Ministers can spend from one month to two years at the center dividing their time between involvement and reflection. After the plunge, students spend most of their time working with factory labor, civil rights groups and such community organizations as South Chicago's Woodlawn project. "What we're trying to say to our trainees," says the Rev. J. Archie Hargraves of the center, "is 'look at the real conditions in the city.' " The students also meet for seminars, Bible in hand, trying to relate their experience to their faith as Christians. "We're throwing these guys into new situations which they've got to interpret theologically," says Lutheran Theologian Richard Luecke. "The problem is how to use an ancient text like the Bible in unparalleled new situations. This is what the seminaries can't do."

Servant With a Song. Whether the center can do it any better remains unproved. Some church leaders are critical of what seems to be its blithe as sumption that God endorses everything about the Negro freedom movement, from Martin Luther King's S.C.L.C. to LeRoi Jones (last spring the center's entire staff and student body dropped everything to march at Selma). Moreover, while its 127 trainees have unquestionably been shaken by their experience there, some questions about the center's relevance remain: not all ministers are summoned to be worker-priests, and there is a vital spiritual life in plenty of conventional parishes.

Perhaps the most serious question asked of the center is whether its concentration on a worldly, activist Christianity sacrifices the church's eschatological message for the sake of achieving a goal that might be more efficiently accomplished by secular social workers. Although they concede that they still have more questions than answers about the center's role in a changing society, its directors think that the church does provide something that government cannot: a unique vision of man's right relationship to man under God.

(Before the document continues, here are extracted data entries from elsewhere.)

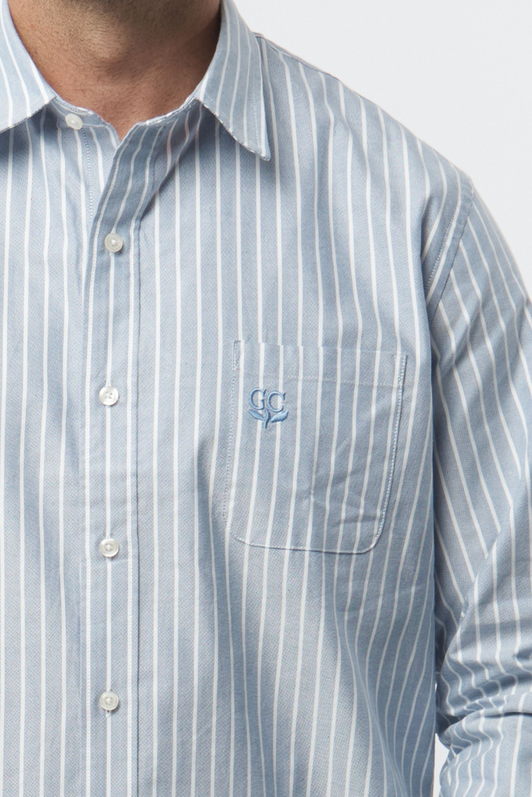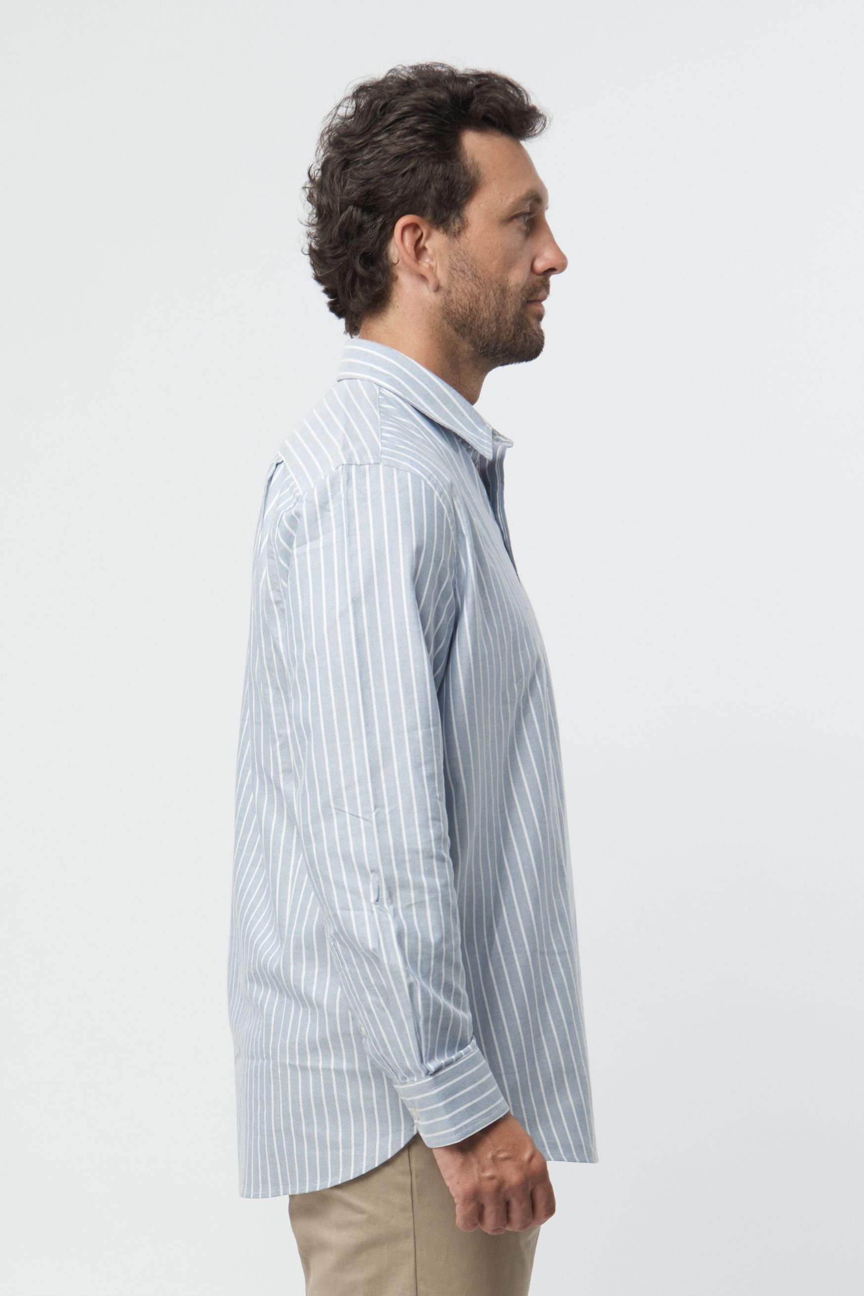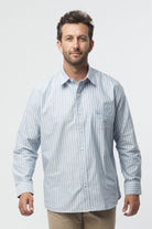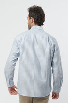 Mens Cotton Stripe Shirt - Denim Blue/White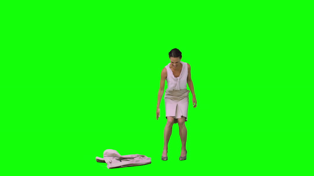 Businesswoman displaying frustration, dropping a jacket on green background. Useful for depicting emotions of stress or anger in professional settings or presenting drama in workplace content. Ideal for creating surrounding designs or overlays due to green screen capability.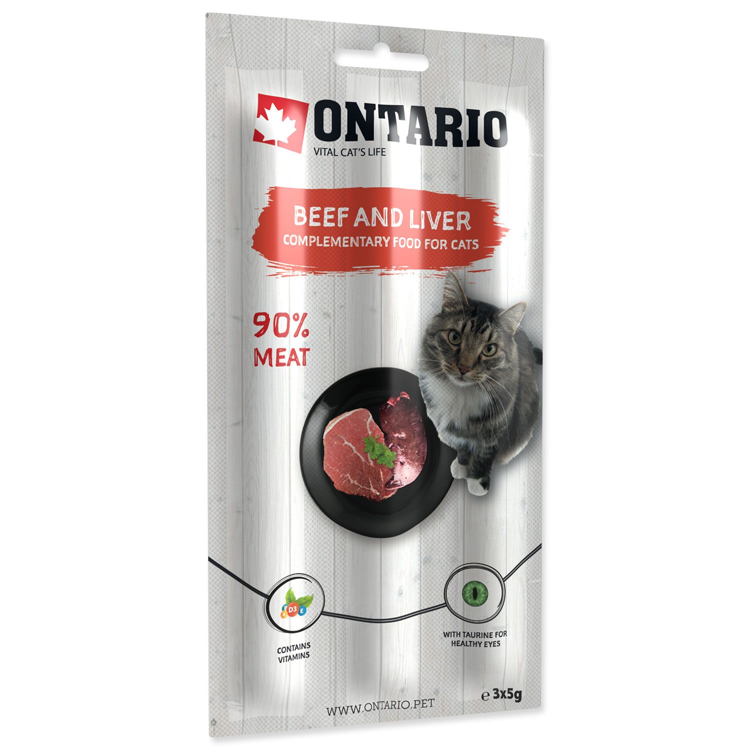 ONTARIO Miękki kabanos dla kotów wołowina z wątróbką pakowane po trzy sztuki 3x5g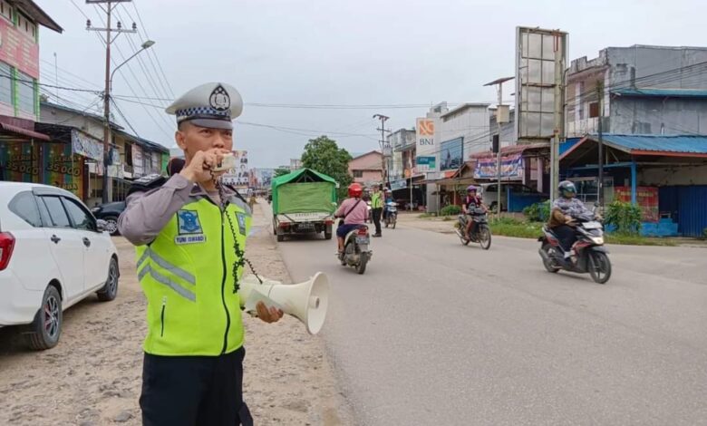 Seperti yang terlihat di jalan Kapuas Pasar Sekadau, Kanit Dikmas Satlantas Aipda Yuni Iswandi bersama Bripka Sujarwati menyampaikan imbauan dan pesan tentang Kamseltibcar Lantas.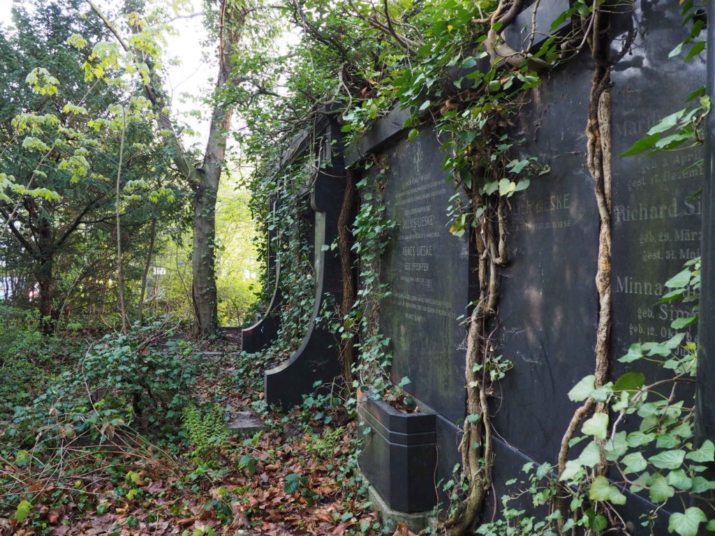 Normalerweise würde ich aus Pietätsgründen keine Grabsteine fotografieren, aber da es sich ja hier um eine Parkanlage handelt, denke ich geht das in Ordnung. Die Menschen laufen mit ihren Hunden durch den Park, die Hunde laufen zwischen den Grabsteinen. Es ist alles sehr ungewöhnlich, aber irgendwie interessant und sogar schön.

"The church may be a servant," says Morton, who studied theology at Cambridge University and once served on a team ministry along the Jersey City waterfront, "but she is always a servant with a song. The church is present in any place to witness to the truth of the Gospel in that situation. Out of ten agencies at work on some problem, one should be in there with a certain levity, a sense of abandon. That would be the group of Christians."